Robots and the Danger of a Jobless Future

Looking at the historical process, the mechanization of agriculture has displaced millions of people, forcing the unemployed laborers to migrate to the city in search of work in the factories. Automation and globalization then shifted workers from the manufacturing sector to the service sector. Although short-term unemployment rose during these transition periods, these periods were never permanent. New business areas were born. New doors opened for those who lost their old jobs. Moreover, these new jobs were generally more desirable than the old ones. It required higher skill but brought better money. As the machines used in production improved, the productivity of the workers using these machines also increased. Thus, workers became more valuable and could demand higher wages. In this postwar period, the rise in productivity was reflected in the average worker's wage; advancing technology put money in the pocket of the worker. These workers also consumed more with their increased income.

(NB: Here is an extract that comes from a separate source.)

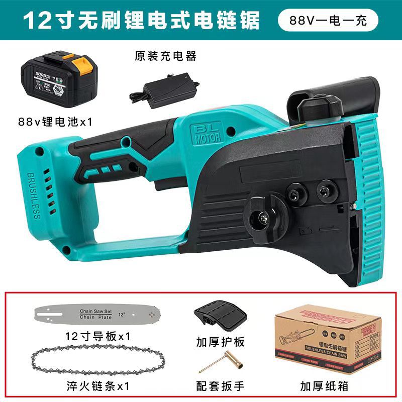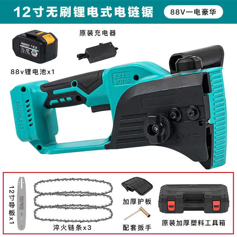 • 12inch 전기 체인톱-88V 배터리 1개, 충전기 1개 및 플라스틱 상자
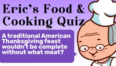Look forward to questions like "A traditional American Thanksgiving feast wouldn't be complete without what meat?" and "Strudel is an European Jewish dessert of fruit encased in what?"

Productivity growth went into the pockets of the worker in the 1950s, but now it goes almost entirely into the pockets of employers and investors. The share of national income that goes to labor has fallen rapidly compared to the share that goes to capital and it continues in free fall. In the face of this situation, one of our most basic assumptions about technology, "The machine is a tool that increases the productivity of the worker." We will also have to question his assumption. Because today, machines themselves become workers.

OECD's 2016 indicators show that especially underdeveloped and developing countries will face greater destruction in the face of automation. As a result of automation, the entire economy can become less labor-intensive and more capital-intensive. For example, although fledgling companies such as Google and Facebook have huge market capitalizations, the number of people they employ remains small relative to their size and influence.

Result

Robots and artificial intelligence have now become an indispensable part of our lives. The fact that these technologies change business processes and transform professions has started to create great changes and destruction in employment. Governments need to adapt their legal regulations to these developments so that human workers who lose their jobs to robots can be included in the process. In addition, the adaptation of companies to automation causes reductions in tax revenues of governments. In this respect, it will be necessary to make adjustments in tax laws primarily in order to ensure that people are trained and gain new skills in the face of this technology and to balance the tax revenues of governments.